Wisconsin rounds up and imprisons thousands of lawbreakers every year,
outpacing states with higher crime rates in our relentless zeal to scour the
streets of scofflaws. The punishments may fit the crime. But does the
dragnet keep communities safe? We don't want to know.

Despite the enormous cost of state prisons, lawmakers are loath to find out
whether their politically popular punishments actually work. Taxpayers
should demand that state prisons at least be held as accountable as any
other state agency. As a start, the Legislature should audit the
correctional system's spending and effectiveness.
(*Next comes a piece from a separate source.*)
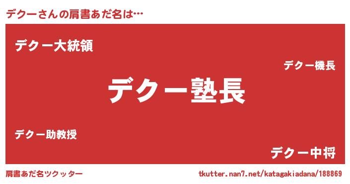 | 意味不明あだ名 | 『とにかく怪しいデクー』『自称デクー』 |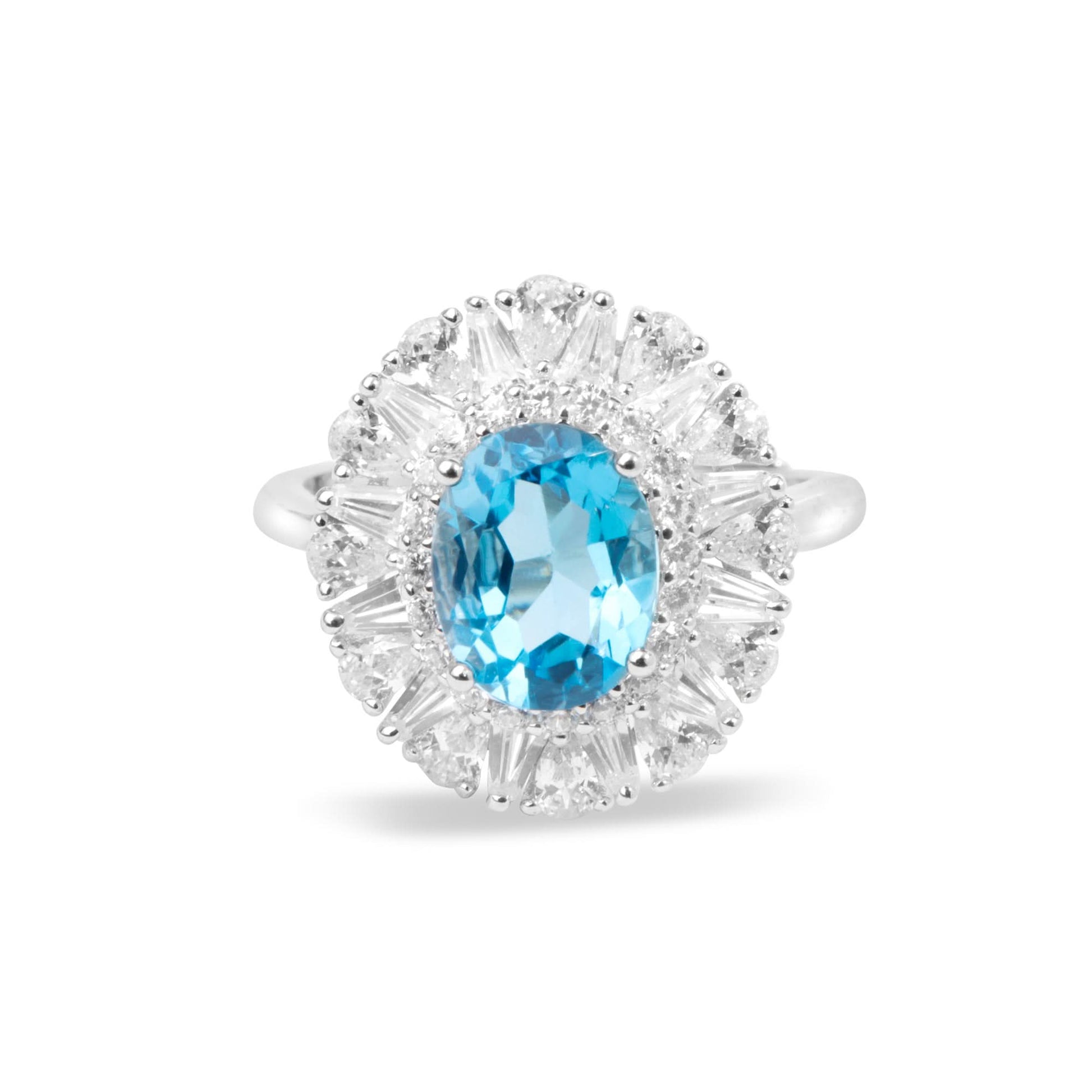 Introducing the "Forget-Me-Not Gem Ring" crafted for timeless elegance. This exquisite piece features a simple yet unique design, adorned with a delicate flower motif and a captivating blue gemstone. Hypoallergenic and made with pure 925 silver, it ensures both style and comfort. Coated with rhodium for enduring shine, this sterling silver jewel epitomizes sophistication. Elevate your ensemble with this enchanting piece from our collection of fine jewellery.

One fact is already clear: Prisons do a poor job of deterring offenders from
committing new crimes. In fact, they may churn out a class of even more
determined criminals. National studies suggest two in three ex-prisoners are
arrested again within three years. Nearly half of Wisconsin prisoners have
been in the joint before. This means punishment alone doesn't set criminals
straight.

Lawmakers need to reform and refine their approach to criminal justice.
Crime has gone down while the prison population has gone up. But the
connection is far from ironclad. In Wisconsin and elsewhere, crime rates
started falling before celebrated anti-crime policies took effect. Wisconsin
officials abolished parole at the end of 1999, eight years after crime rates
began a steep decline.

And "get-tough" approaches yield unintended consequences that may undermine
their limited positive impact. "Truth in sentencing" policy, for example,
was meant to give victims and community residents the satisfaction of
knowing that prisoners would have to serve out the sentence imposed by a
judge. But at the same time it took away a key incentive for inmates to
reform their ways: the possibility of early parole for improved attitude and
behavior.

And along the way, lawmakers passed bills ratcheting up criminal penalties
without any information on their future costs. In fact, from 1983 to 1999,
the Legislature specifically exempted crime bills from usual cost reviews, a
curious and ultimately expensive dodge. Despite recurring state budget
deficits, things haven't changed much in the legislative chambers: A
committee established in 2002 to evaluate the cost of crime bills has never
met and may be abolished this session. That shouldn't happen, and lawmakers
must also broaden their policy agenda beyond their penchant for punishment.

But while locking up more people is no solution, neither is letting more of
them out. Some politicians promote the misconception that state prisons are
full of non-violent drug offenders who never should have been imprisoned. In
fact, most people doing time have been convicted of multiple crimes, often
violent, as well as property and drug crimes.

Policymakers and the Doyle administration instead must renew the prison
system's focus on rehabilitation. The state has expanded drug and alcohol
treatment programs in prison, uses work-release programs for
minimum-security inmates, and plans to more effectively sanction
ex-offenders who violate parole terms.

Those measures are a good start. But policymakers, corrections officials,
community leaders, employers and others all have a bigger role to play in
dealing with the nine out of 10 convicts who get out of prison sooner or
later. In fact, what happens to those offenders after their release may be
the real key to ensuring community safety without bankrupting taxpayers.